D'autre part, animer des maquettes numériques en des temps
raisonnables constitue un véritable défi, dans la mesure où
ces maquettes sont le plus souvent destinées à simuler le
mouvement et les déformations d'objets hétérogènes complexes
du monde réel. C'est le cas par exemple pour la simulation
d'organes du corps humain, rendue indispensable par le
développement des applications médicales, ou pour celle des
phénomènes naturels destinés aux effets spéciaux dans le
secteur audiovisuel (coulées de lave, ruisseaux, végétation
animée, croissance et déchirures, etc).
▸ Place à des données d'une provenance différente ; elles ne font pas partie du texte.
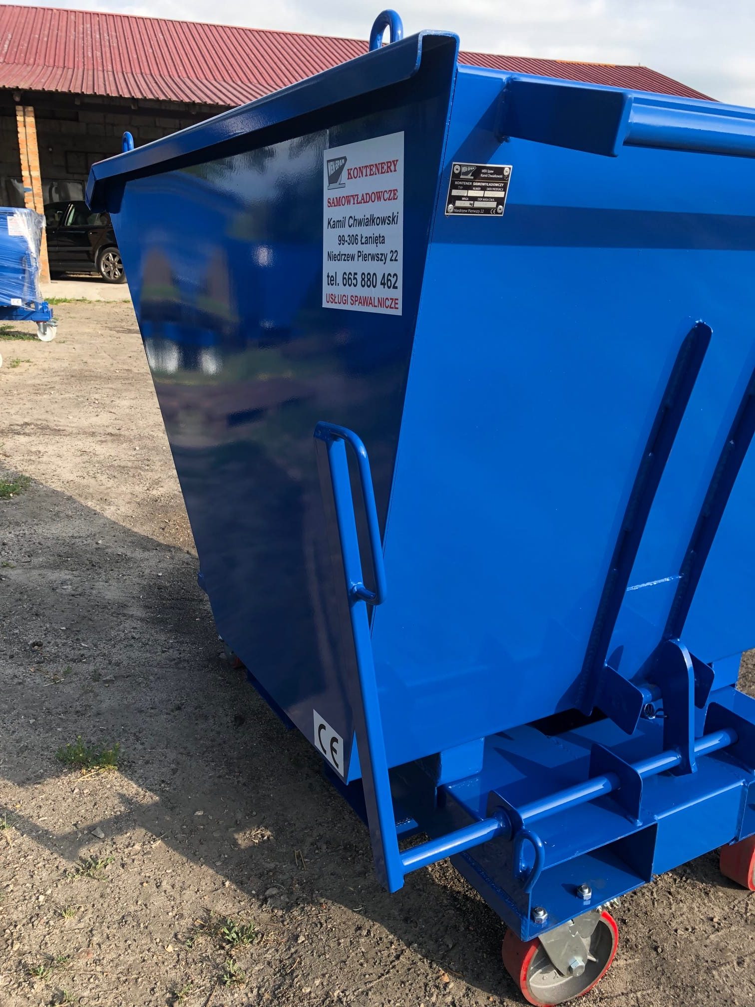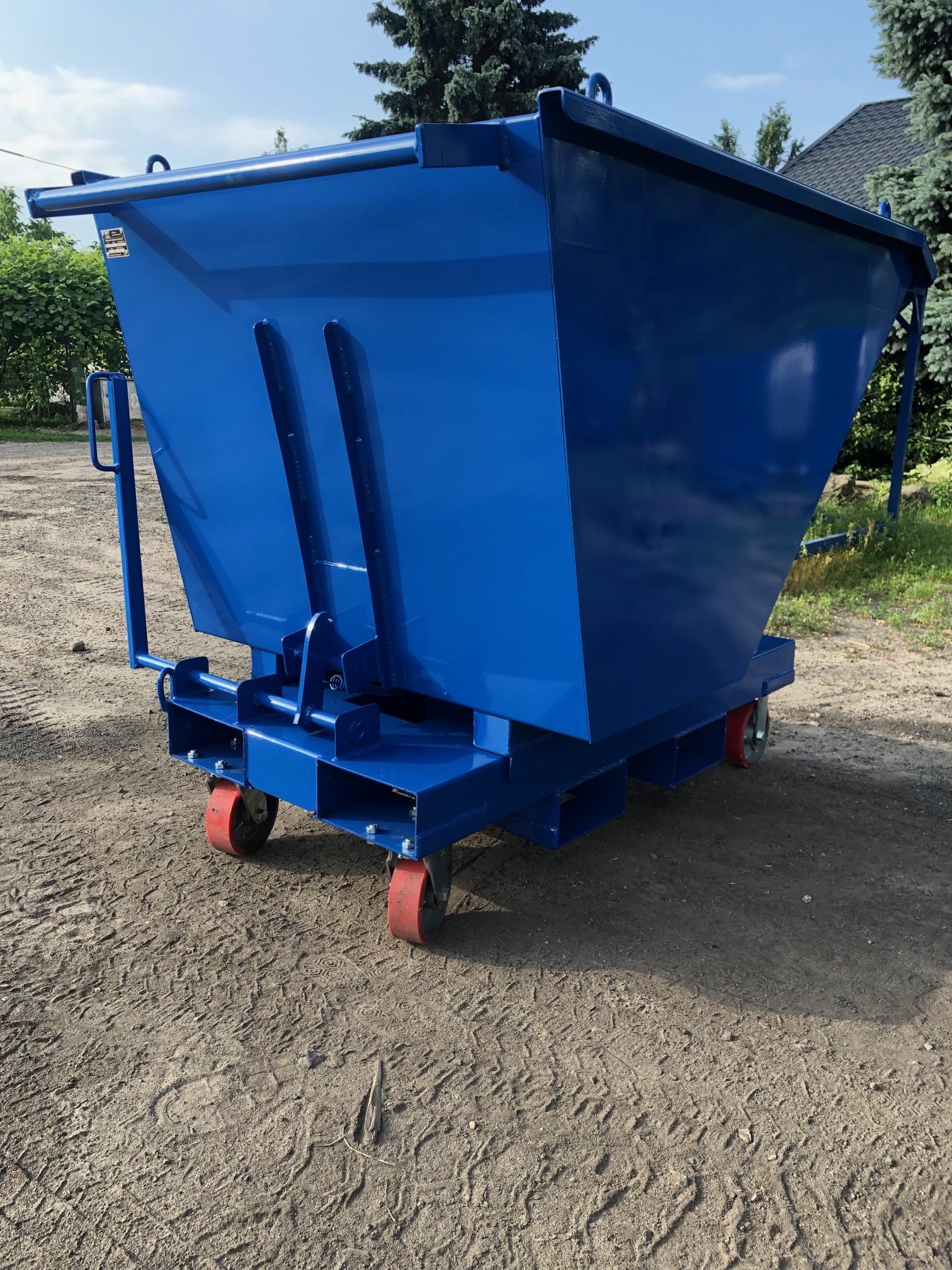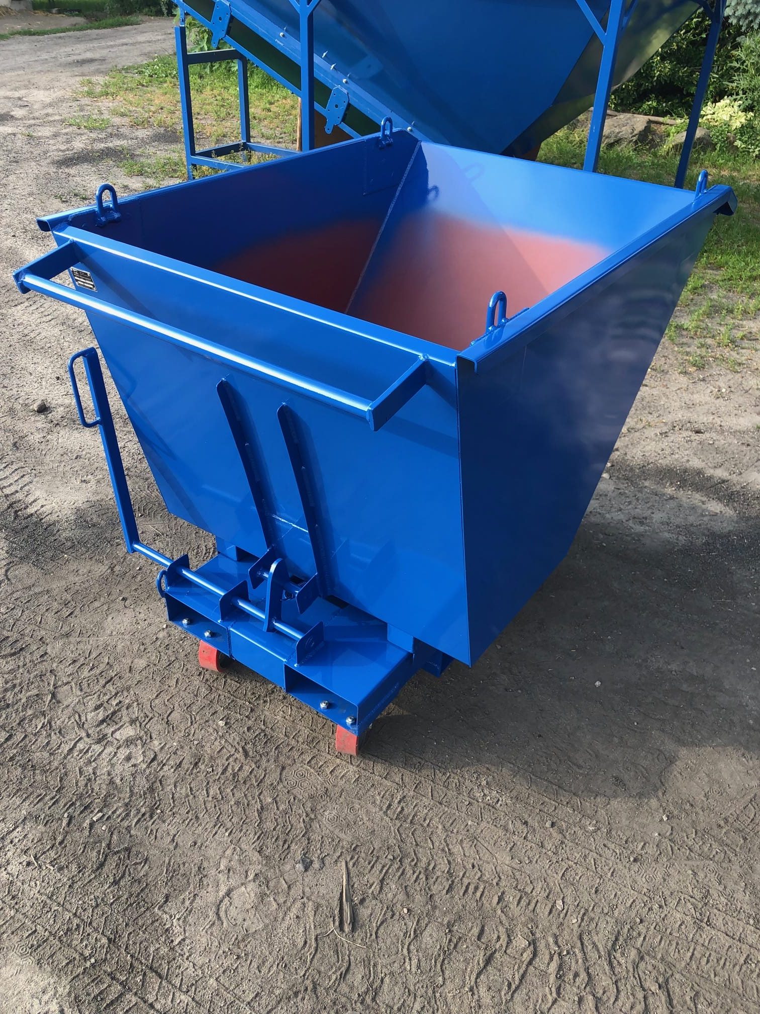Kontener samowyładowczy o pojemności 0,5 m3 wyposażony w zestaw kołowy żeliwno-poliuretanowy fi 150, uchwyt ułatwiający przepychanie, dodatkowy (boczny) wjazd na widły oraz w 4 uchwyty umożliwiające transport pionowy kontenera.

Le problème de
l'efficacité des algorithmes est encore exacerbé pour
certaines applications comme les simulateurs interactifs ou
les mondes virtuels, pour lesquelles le temps-réel est
requis. Notre méthodologie pour aborder ces problèmes
s'appuie sur trois axes majeurs :
- La représentation d'un phénomène complexe grâce à une
hiérarchie ou à un graphe de sous-modèles couplés (on parle
de ``modèle à couches'' pour désigner l'ensemble ainsi
constitué) : Il s'agit de décomposer, autant qu'il est
possible, l'objet ou le phénomène à représenter en une
hiérarchie de sous-phénomènes en interaction, pouvant
correspondre à des échelles totalement différentes. Le
modèle offrant le meilleur compromis entre réalisme et
temps de calcul est choisi pour chacun de ces
sous-phénomènes, sans hésiter à les simuler à des
fréquences différentes, ni à jouer sur la diversité des
représentations choisies pour chaque couche. Alors qu'un
véritable modèle physique sera utilisé pour certaines
d'entre elles, un simple habillage cinématique,
géométrique, ou même des textures animées pourront faire
gagner en efficacité pour les autres.
- La mise au point de modèles générateurs adaptés à une
échelle et un phénomène donné, les contraintes étant que
ceux-ci doivent être efficaces en temps de calcul et
facilement controlés par un utilisateur. Nous développons
d'une part des modèles découlants d'équations physiques
locales simplifiées (voire résultant parfois d'analogies),
et d'autre part des modèles phénoménologiques (prairies
sous le vent, ruisseaux, croissance, textures animées),
quand il est plus simple de modéliser et contrÔler les
effets visibles des phénomènes que leur cause
physique.
- La conception d'algorithmes de simulation adaptatifs,
offrant à chaque instant le meilleur compromis entre
précision et réalisme. Ces algorithmes permettent d'adapter
dynamiquement en cours de simulation, soit la nature des
modèles utilisés au sein d'un modèle à couche, soit la
précision à laquelle sont effectués les calculs pour un
modèle donné. Cette adaptation peut être faite en fonction
des contraintes d'efficacité, de précision, et de
l'importance de chaque objet dans la scène.